Observations sur le patrimoine français
Jean-Marie Pérouse de Montclos
Jean-Marie Pérouse de Montclos. Observations sur le patrimoine français, Revue de l’Art, 1993, n° 1, p. 11-16.
Extrait de l’article
En un grand siècle, de l’abbé Grégoire à Riegl, tout a été dit sur le patrimoine, ou presque ! Il restait au XXe siècle à faire l’histoire de la notion. Le texte de référence à cet égard est encore l’exposé publié en 1986 par André Chastel dans les Lieux de Mémoire. La Revue de l’art avait antérieurement (1980) consacré à ce sujet un numéro rassemblant les signatures des plus éminents spécialistes français. Les livres de Françoise Choay (L’allégorie du patrimoine) et celui de Jean-Michel Leniaud (L’utopie française. Essai sur le patrimoine), parus en 1992, avec de nombreuses réflexions de fond, ont fait le point sur l’actualité la plus immédiate.
Depuis quelques décennies, l’exposé a pris le ton du discours. Pas d’années sans quelques colloques sur le patrimoine ; plus d’élections, sans programme patrimonial. Pour en venir là, il a fallu que la patrimoine fasse en quelque sorte « peau neuve ». La souveraine médiatisation de la fin du XXe siècle a fort heureusement compris le patrimoine dans ses œuvres. Ne dissipons pas l’illusion des médias qui ont cru que l’idée était neuve parce qu’ils n’en avaient pas traité jusqu’alors. Le bénéfice, lui, n’a rien d’illusoire : progression des crédits de restauration, engouement pour l’archéologie, affluence dans les musées et les monuments historiques. En 1990, la journée « Portes ouvertes » a vu passer deux millions de visiteurs.
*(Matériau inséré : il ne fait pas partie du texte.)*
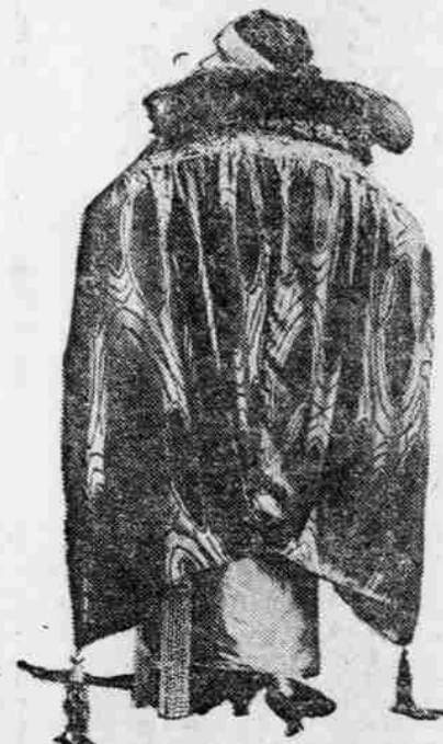
MARIE, QUEEN OF ROMANIA, "mother-in-law of Balkans," wore this magnificent cape at wedding of her daughter to King of Serbia.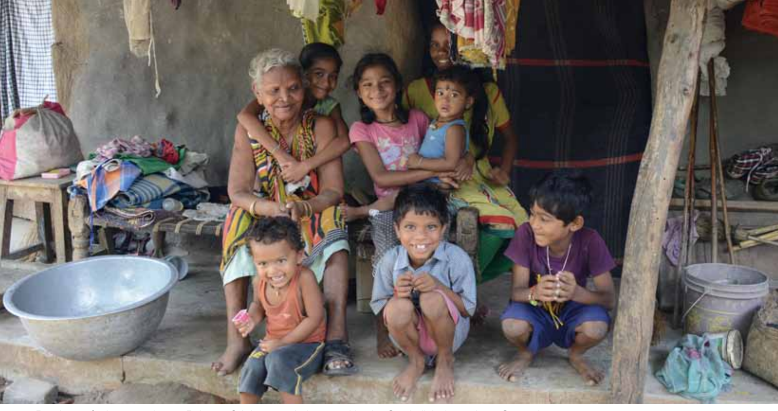
Residents of a leprosy colony in Balangir, Odisha state, India, visited by the Goodwill Ambassador in September.

Le phénomène n’est probablement pas à son apogée. On constate que la presse, qui publie les résultats des concours aux grandes écoles, les promotions dans l’ordre de la Légion d’honneur, les nominations des grands commis de l’État, ne donne pas la liste des nouveaux classements comme monuments historiques. En politique, le patrimoine n’est pas encore considéré à l’égal de l’écologie, comme un des grands enjeux de la fin du millénaire.